# 10 things never to eat while traveling



## easyrider (Mar 19, 2013)

AARP travel guide suggests that you might not want to eat these items. None of them are anything my group would eat , unless..... you know.. 1 drink to many.

Bill


----------



## DeniseM (Mar 19, 2013)

Uh, are we supposed to guess?  

Let's see....

blood sausage
that kind of Japanese fish that's poison
dog and cat
raw beef, port, lamb
raw eggs
a lot of green apples
prunes
sushi from a gas station


----------



## slip (Mar 19, 2013)

I love blood sausage just before a long flight.


----------



## fillde (Mar 19, 2013)

Eat your heart out.

Eat your words.

Not tasty.


----------



## rhonda (Mar 19, 2013)

Link: http://www.aarp.org/travel/travel-tips/info-01-2013/things-to-not-eat-on-vacation.html


----------



## easyrider (Mar 19, 2013)

Thanks rhonda

Sorry, lol, I have to add fresh fish to the list.

Bill


----------



## Passepartout (Mar 19, 2013)

rhonda said:


> Link: http://www.aarp.org/travel/travel-tips/info-01-2013/things-to-not-eat-on-vacation.html



Yup, there's 10 there that I won't fight you for. Go ahead and have my share, too. I'll just sit over here in the corner and starve my tapeworm. (sorry, Bill)


----------



## VegasBella (Mar 20, 2013)

Merely reading that list was bad for my stomach.
:vomit:


----------



## Carol C (Mar 20, 2013)

DeniseM said:


> Uh, are we supposed to guess?
> 
> Let's see....
> 
> ...



Denise you are too funny! :rofl:

The sickest I got was in the 80s when I took trains and buses thru Mexico and got stuck for 36 hrs in a town (I kid you not) called "Sufragio". It translates as "suffrage" but I think they meant something like "women's suferage"...not the suffering I was doing. Oh yeah...they only had squatter "toilets" that amounted to a hole in the floor. All together now... "Ewwww..."


----------



## Beaglemom3 (Mar 20, 2013)

"It seemed like a good idea at the time".

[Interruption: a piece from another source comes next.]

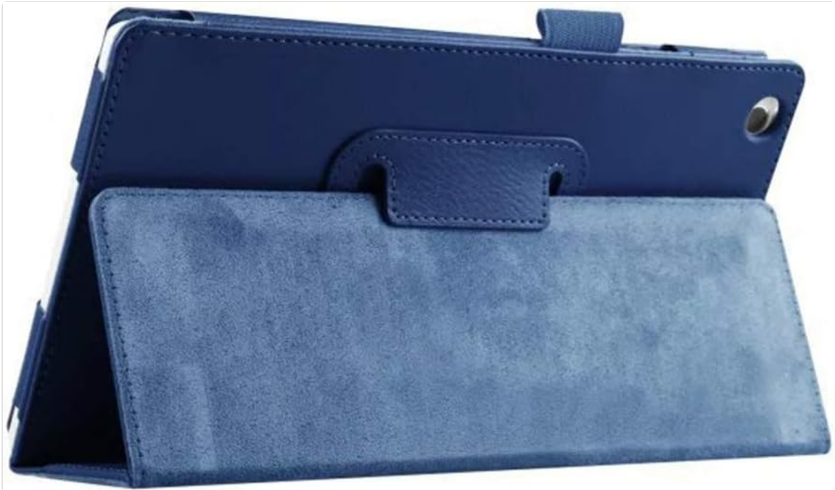
Figure 6.3: A rear view of the tablet case demonstrating the folding mechanism that creates the stable viewing stand.

Pickled mango from a roadside stand in Waianae following one too many Primos after bodysurfing in the hot  Hawaiian sun.


Love it, but  next time will buy from somewhere where handwashing was, perhaps, a habit, like a store.


'nuff said. No details.


http://www.honolulumagazine.com/Honolulu-Magazine/May-2006/Savoring-Pickled-Mango/


----------



## laura1957 (Mar 20, 2013)

easyrider said:


> AARP travel guide suggests that you might not want to eat these items. None of them are anything my group would eat , unless..... you know.. 1 drink to many.
> 
> Bill




It would take a whole lot more than 1 drink for me


----------



## csxjohn (Mar 20, 2013)

The escamoles don't sound bad.  The maggot cheese would probably be OK if they didn't keep trying to jump out of the sandwhich.:hysterical:


----------



## easyrider (Mar 20, 2013)

Passepartout said:


> Yup, there's 10 there that I won't fight you for. Go ahead and have my share, too. I'll just sit over here in the corner and starve my tapeworm. (sorry, Bill)

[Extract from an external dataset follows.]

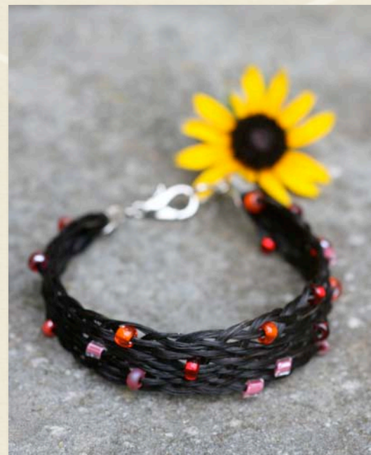
Garden Gala style bracelet braided with beads

I named it wiwi koekoe and Im so freakin glad its gone.


----------



## persia (Mar 20, 2013)

slip said:


> I love blood sausage just before a long flight.

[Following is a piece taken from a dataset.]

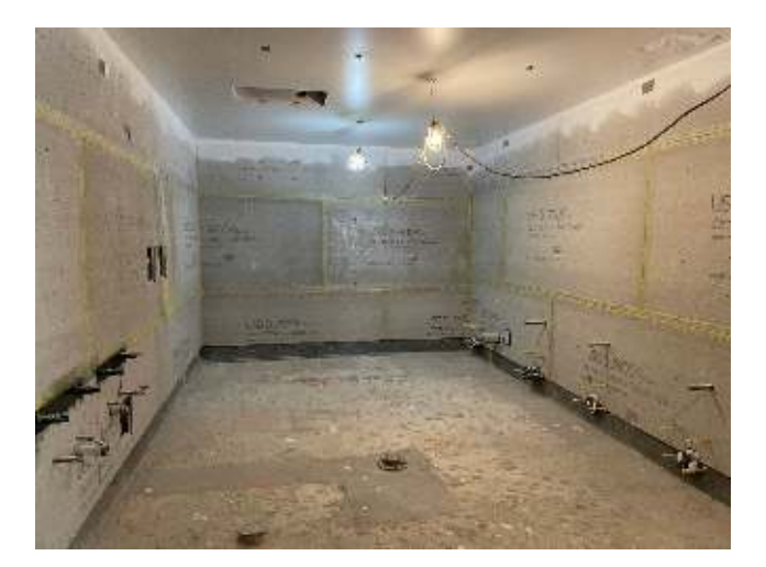
Building 7100 Restroom Progress

Black Pudding!  Part of a healthy breakfast.  What's wrong with black pudding?


----------



## persia (Mar 20, 2013)

The sickest I got whilst travelling was in India, when I took a break from backpacking and street food and stayed in a four start hotel.  With street food you can see the preparers and you keep your guard up, in a fancy hotel, you can't see the preparers and you let your guard down.  I get sick just thinking about it.


----------



## slip (Mar 20, 2013)

persia said:


> Black Pudding!  Part of a healthy breakfast.  What's wrong with black pudding?



I thought it was funny when Denise started guessing and put blood sausage on
Her list. My father used to make it for breakfast two or three times a year.
He used to get it at a local Polish Meat Market where they called it Kieska.
My dad used to fry it and then scramble an egg in it. I haven't had it in years but
It wasn't bad. And no I don't eat it before long flights.


----------



## persia (Mar 26, 2013)

Black pudding, bangers, mash and beans, be still my English heart....


----------



## easyrider (Mar 27, 2013)

Hey Persia, is that breakfast ? and what are the things that look like hockey pucks ?

Bill


----------



## vacationhopeful (Mar 27, 2013)

easyrider said:


> ..and what are the things that look like hockey pucks ?
> 
> Bill



Fried tapeworm slices?


----------



## MaryH (Mar 28, 2013)

Those are slices of black pudding.  All he is missing is fried bread.  Actually the mushrooms looks decent.


----------



## jc92869 (Mar 28, 2013)

*HA.*



DeniseM said:


> sushi from a gas station



very funny.....


----------



## gnipgnop (Mar 28, 2013)

You guys are all nuts!!  That's why I love TUG:hysterical:


----------



## litebrite (Mar 30, 2013)

I think there is no right answer here :/


----------



## DanM (Apr 8, 2013)

persia said:


> The sickest I got whilst travelling was in India, when I took a break from backpacking and street food and stayed in a four start hotel.  With street food you can see the preparers and you keep your guard up, in a fancy hotel, you can't see the preparers and you let your guard down.  I get sick just thinking about it.



That was my cousin's theory when he took me to Tijuana years ago. I took one bite of a taco from a street vendor and made a face. "Spoiled?" my cousin asked. "I don't know," I said, "but it's not chicken, pork or beef." He took it from me and bit. "Mmm," he said. "Cat."


----------